Earning Credibility on a PE Timeline
Rusty Kennington has led IT through four private-equity-backed companies across manufacturing, building products, and waste management. He is currently CIO at Denali Water Solutions, the largest full-service organic waste recycler in North America, where he was recruited to drive transformation and prepare the organization for exit.
The pattern is consistent. Walk into a recently acquired company where most of the workforce did not ask for the PE ride, earn credibility fast, and align everything IT does to the deal thesis. This transformation muscle was developed long before entering the PE space. At Commercial Metals, a Fortune 500 publicly-traded company, that meant enabling a digital portal that generated over $40 million in new revenue within 12 months. At Denali, the focus is automation, cyber resilience, and EBITDA growth through both back-office efficiency and leveraging AI to accelerate organic growth... a vision of our CEO.
Kennington has done this enough times to know where the pressure comes from and where first-time PE CIOs lose their footing.
Prove It in Months
The first thing Kennington does in any new role is get out to the field and listen. He asks questions, including ones he knows might sound basic, to understand how the business actually works. From there, he looks for champions willing to take a short-term risk alongside him.
"The language I always use is outcome," Kennington said. "How we get there, we can talk later. But really, the outcome I'm focused on... what if we're able to automate some of this? Or pull some of the costs out of this operation?"

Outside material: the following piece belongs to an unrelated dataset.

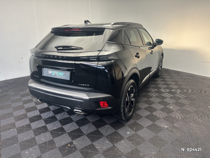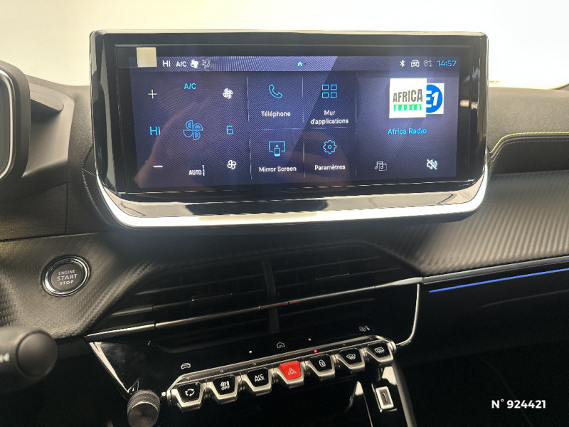 Accès et démarrage mains libres Proximity / Habitacle et ciel de pavillon noir / Télécommande 3 boutons + clé standard / Eclairage polyambient 8 couleurs / Eléments de style éxterieur Lécheurs de vitres Noir Brillant, Katana noir mat avec insert noir brillant et monogramme GT sur motorisations thermiques, Protections latérales de portes Noir grainées avec inserts Gris Météor, Becquet AR Noir Perla Nera, Seuils de porte aluminium avec lettrage PEUGEOT Noir / Commutation automatique des feux de route / feux de croisement / Barres de toit longitudinales Noir Brillant / Pédalier Sport aluminium / 4 poignées de maintien (2 à l'AV et 2 à l'AR) / 4 poignées de maintien rétractables (2 à l'AV et 2 à l'AR) / Eclairage polyambiant 8 couleurs (Liés aux modes de conduite) / Siège passager AV avec réglage manuel en hauteur / Canule d'echappement double chromée / 6 airbags (Frontaux adaptatifs, latéraux AV, rideaux AV et AR) / Air conditionné automatique monozone / Pare-brise teinté acoustique sérigraphié bi-couches / Toit Black Diamond / Visiopark 1: caméra de recul HD & aide au stationnement AV et AR, graphique et sonore / 6 haut-parleurs (2 tweeters et 2 woofers à l'AV et 2 haut-parleurs à l'AR) / PEUGEOT Connect SOS & Assistance et Teleservices SOS & Assistance : Appel d'urgence automatique ou manuel par push SOS, et mise en relation directe avec la plateforme d'assistance PEUGEOT (24h/24 7j/7) Teleservices : Détection du besoin d'une intervention technique ou d'une opération d'entretien périodique et transmission au réseau PEUGEOT pour prise de rendez vous / Lève-vitres AV et AR électriques séquentiels avec antipincement / Console haute avec accoudoir & frein de stationnement électrique 1 prise USB type C (Charge) et 1 prise USB type A (Charge) pour passagers AR, Sélecteur de mode de conduite Normal/Eco/Sport / Peugeot i-Cockpit 3D avec combiné tête haute numérique 3D 10'' / 6 Airbags - Frontaux auto-adaptatifs, latéraux AV et rideaux AV et AR / Pack Visibilité Allumage automatique des feux de croisement; Essuie vitre AV à déclenchement automatique; Eclairage extérieur d'accueil et d'accompagnement / Rétroviseur intérieur électrochrome / Pack Safety Plus Régulateur / Limiteur de vitesse, Freinage d'urgence automatique avec alerte risque de collision, Alerte active de franchissement involontaire de ligne et bas côté, Reconnaissance étendue des panneaux de signalisation et préconisation de vitesse, Alerte attention conducteur. Freinage d'urgence automatique de jour et de nuit (caméra et radar) / Vitres latérales AR et lunette AR chauffante temporisée surteintées / Rétroviseurs extérieurs dégivrants avec réglage et rabattement électriques / Lève-vitres électriques AV et AR et séquentiels avec anti-pincement / Pack Safety Plus Pack Safety: - Régulateur / Limiteur de vitesse - Freinage automatique d'urgence avec alerte risque de collision, détection élargie (3 caméras haut de pare-brise) et protection des usagers de la route vulnérables (piétons, cyclistes, ...) - Alerte active de franchissement involontaire de ligne et bas-côté - Reconnaissance étendue des panneaux de signalisation et préconisation de vitesse - Alerte attention conducteur - Freinage d'urgence automatique de jour et de nuit (3 caméras & radar) / Eléments de style intérieure Planche de bord moussée avec double surpiqûres adamite/tramontane et baguette Noir brillante avec jonc chromé et jonc lumineux, Panneaux de portes AV avec décor Carbone et baguette Noir brillante et jonc lumineux (8 couleurs) et crosse de tirage TEP Isabella Mistral, Panneaux de portes AR avec grain Karsten avec baguette Noir brillant, Accoudoirs de porte avant et arrière tissu/TEP Isabella avec surpiqûre Adamite / Plancher de coffre modulable 2 positions / Surtapis AV et AR / Peugeot i-Cockpit 3D avec combiné tête haute numérique 10" numérique / Peugeot i-Connect Radio DAB avec écran tactile couleur personnalisable 10" HD,Bluetooth, Mirror Screen sans fil (Apple CarPlay/Android Auto), Wifi, 1 prise USB type C ( Data+charge ) et 1 prise USB type C (Charge) sur console AV / Projecteurs Peugeot upper Full LED Technology avec feux diurnes à LED 3 griffes / Jantes alliage 17'' diamantées KARAKOY bi-tons Noir Onyx et vernis brillant / ESP Déconnectable avec aide au démarrage en pente et détection de sous gonflage indirecte / Eclairage intérieur Plafonnier AV A-DOME 3 LEDs (1 lampe, 2 liseuses) 2 liseuses AR LED i DOME / Boîte de vitesse automatique, séquentielle (6 rapports) / Volant compact cuir fleur avec commandes multimédia intégrées / Eclairage intérieur Miroir de courtoisie dans pare soleil éclairéà LED, Eclairage à LED partie basse rangement AR et caves à pieds / Sellerie tissu BELOMKA, accompagnement TEP Isabella, trimatière Uni Capy et surpiqûres Vert Adamit

At Denali, his first move was mapping the company's cyber posture to the PE firm's own rubric. When he presented the results, the firm's cyber lead stopped the meeting to thank him, noting he wished the other portfolio companies had done this level of work. That kind of early signal earns runway for everything that comes after.
Revenue Is a Business Initiative
Kennington is direct about where credit belongs on technology-enabled revenue. The $40 million portal at Commercial Metals succeeded because a sales executive had the vision and the courage to attach a number to it before launch.
"Most of these initiatives are not IT-led. They're IT-enabled," Kennington said. "The first risk we have of failing is not making it crystal clear to the board, the CEO, and everybody else that this is not an IT initiative."
He applies the same discipline to AI investments. His rubric for the Denali board: go after real money, not hours saved. "Hours saved is a unicorn dollar," he said. Unless headcount is actually being eliminated, the EBITDA impact is zero. He looks for projects with measurable financial impact, available data, minimal process change, and a timeline of three to four months.
Where IT Can Take Away Value
Kennington built the structure for a virtual data room at Denali before he worked on anything else. Every deployment and configuration change is documented and stored. He has been through enough due diligence cycles to understand what buyers look for and what makes them nervous.
"IT doesn't necessarily add value, but it can take away value," Kennington said. At a previous exit, the acquiring firm's due diligence team stopped to say they had never been through an IT review that prepared. That result came from daily discipline maintained from day one, not last-minute cleanup.
Dragon Slayers Who Never Watch Their Back
Kennington describes his team-building philosophy as "Navy SEAL IT." The team does not have to be large, but every person has to operate with full trust and no politics. At his previous company, he inherited nine direct reports who did not talk to each other. By the time he left, the group was cohesive and actually enjoyed operating as a team. This was important given the amount of transformation going on, including ERP replacements, technology overhauls, and dramatic sourcing changes..Kennington is a strong believer in making the investment into team members... it is a force-multiplier. He has been consistent with this over the years such that three of his former reports have since become CIOs themselves.
He gets his people plugged into the Dallas CIO community early, through breakfasts, dinners, and leadership events. One leader he inherited at Denali had been, in his words, "withering on the vine." Kennington loaded him with responsibility, and the results followed.
The Example
For CIOs entering private equity for the first time, Kennington believes the most common mistake is underestimating the pace. The deal thesis was already in motion before the job offer was extended. The team is watching how their new leader handles pressure, ambiguity, and setbacks from day one.
"You start paddling before your boat hits the water," he said. "Understand that you are the example. Whether you like it or not, all eyes are on you."